He got the biggest advance ever paid to a non-fiction writer by an Irish publisher and enough controversy to sell four books. But two weeks after it went on sale, David McWilliams' latest tome on the economy has sold fewer than 2,000 copies.
After the release of Follow The Money on 30 October, its publishers Gill & Macmillan could have been forgiven for thinking they had hit gold as a war of words erupted between McWilliams and finance minister Brian Lenihan over claims in the book that the economist was called on for advice during the banking crisis of autumn 2008.

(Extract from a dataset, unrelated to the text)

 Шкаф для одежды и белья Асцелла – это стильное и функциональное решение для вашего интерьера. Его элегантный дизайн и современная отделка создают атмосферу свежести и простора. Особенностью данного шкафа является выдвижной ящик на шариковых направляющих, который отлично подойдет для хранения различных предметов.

Even more column inches were generated by passages in which McWilliams likened RTE presenter Miriam O'Callaghan's interview technique to a seduction. The author later admitted that he had misjudged his comments.

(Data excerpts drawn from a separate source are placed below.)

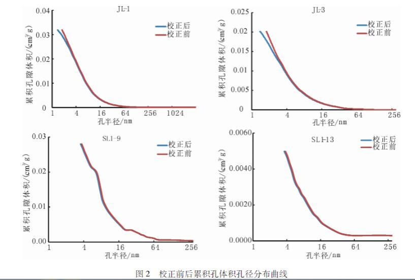 應(yīng)用參數(shù)校正前后的Washburn方程對(duì)松遼盆地青山口組JL-1、JL-3、SL1-9、SL1-13井的泥頁(yè)巖樣品壓汞數(shù)據(jù)處理得到累積孔體積的孔半徑分布曲線,分析發(fā)現(xiàn):參數(shù)校正后的方程對(duì)于微小孔的影響較大,在孔半徑小于4 nm時(shí),校正前后的兩條曲線出現(xiàn)明顯的不重合(圖2)。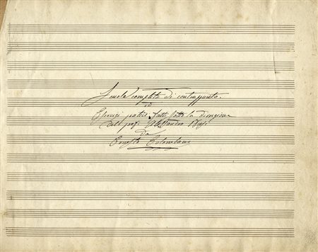 Manoscritto musicale autografo. 1 carta pentagrammata a mano su 20 pentagrammi, scritta recto e verso. Al lato desto della carta, al recto, si legge: “Autografo di Vincenzo Bellini i suoi fratelli / Carmelo [da altra mano] e Mario”. Carta con alcune bruniture. Minime mancanze della carta in prossimità delle piegature senza perdita di testo musicale o poetico. Dimensioni: 230x330 mm. -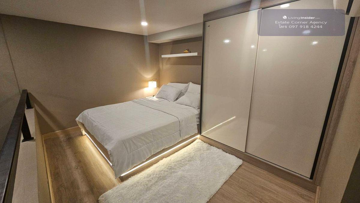 Listing no. 88640 Duplex Room พร้อมชั้นลอย •1 Bedrooms, 1 Bathrooms, Living Room, Separated Kitchen •พื้นที่ใช้สอยรวมชั้นลอย 13 sqm. ชั้นล่าง 29 sqm •เพดานสูง 4.2 m. สไตล์ Loft •ชั้น 21 ห้องมุม •1 Par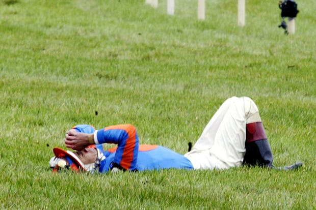 But he hadn’t broken his arm. ‘It’s just bruised,’ said another jockey who rushed to help. This was a relief, although ‘just bruised’ is something they apply to pretty much everything in the life of a jockey. As a trainer once said to the 18-year-old Tony McCoy as two splintered bone ends pressed through his jodhpurs, ‘Are you sure you’ve broken it?’

Yet it seems readers really aren't that interested. According to Nielsen BookScan, which draws up the official book chart for sales in Ireland, in the week to 7 November, the book sold 1,913 copies.
This is a long way from the 90,000 sales Gill & Macmillan needs to recoup a €100,000 advance it paid McWilliams for a two-book deal in 2006.

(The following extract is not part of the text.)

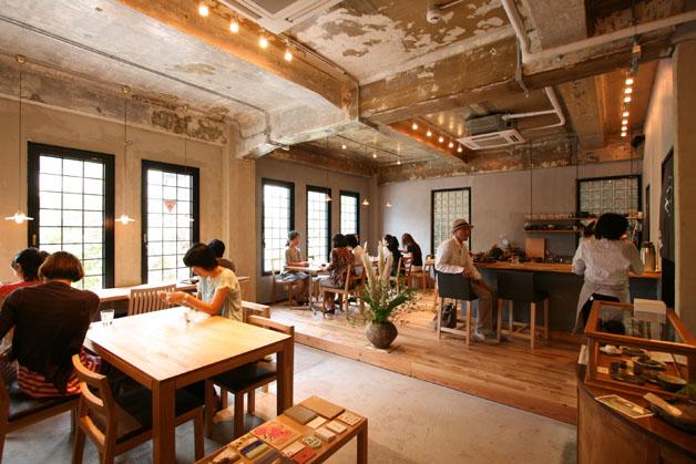 空間はというと、コンクリート剥き出しのままになっている天井と床は、かつての名残り。一段高くなっている奥の床やカウンター、テーブル、椅子などが、温かみのある木で誂えてあって、ホッと落ち着く。席と席がほどよく離れているので、ゆったりリラックスして過ごせるのもポイント。お一人様でも居心地がいい。
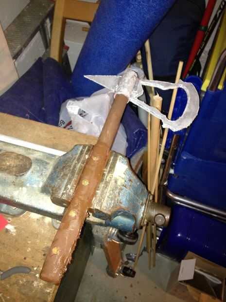 Finalmente tomar sus chinchetas, quitar el colorido de la misma y coloque los cuatro de ellos en el espacio incluso en el mango. Luego tomar su cadena y envuélvalo alrededor de la parte media de la cabeza de tomahawk para hacer una "X" lo amarre, añadir una pluma y anillos de abalorios, tomar fotos y editarlas para picar algunos cabeza y listo!

"We do expect it to be one of the big sellers at Christmas. It's selling very well already," said a hopeful spokeswoman for Gill & Macmillan. The publisher is hoping to generate more sales from talks McWilliams is giving in major bookshops in Dublin, Limerick and Cork in the coming weeks.
Outselling McWilliams in the non-fiction current affairs and issues category, with a fraction of the publicity, is Shane Ross's book The Bankers: How the Banks Brought Ireland to Its Knees, which sold 3,061 copies in the same two-week period.
Former Sunday Tribune editor Matt Cooper's book Who Really Runs Ireland? is also ahead of McWilliams' with sales of 5,279. Showtime: The Inside Story of Fianna Fáil in Power, by Pat Leahy, has sold 3,250 copies since it was published on 27 August.
Other political books more popular with the public include the two by former taoisigh. Bertie Ahern's autobiography, published in October, has sold 6,658, ahead of Albert Reynolds' memoirs, published a month earlier with sales of 2,407. Commentator Fintan O'Toole's book, Ship of Fools: How Stupidity and Corruption Sank the Celtic Tiger, has sold 1,671 copies since its release on 5 November.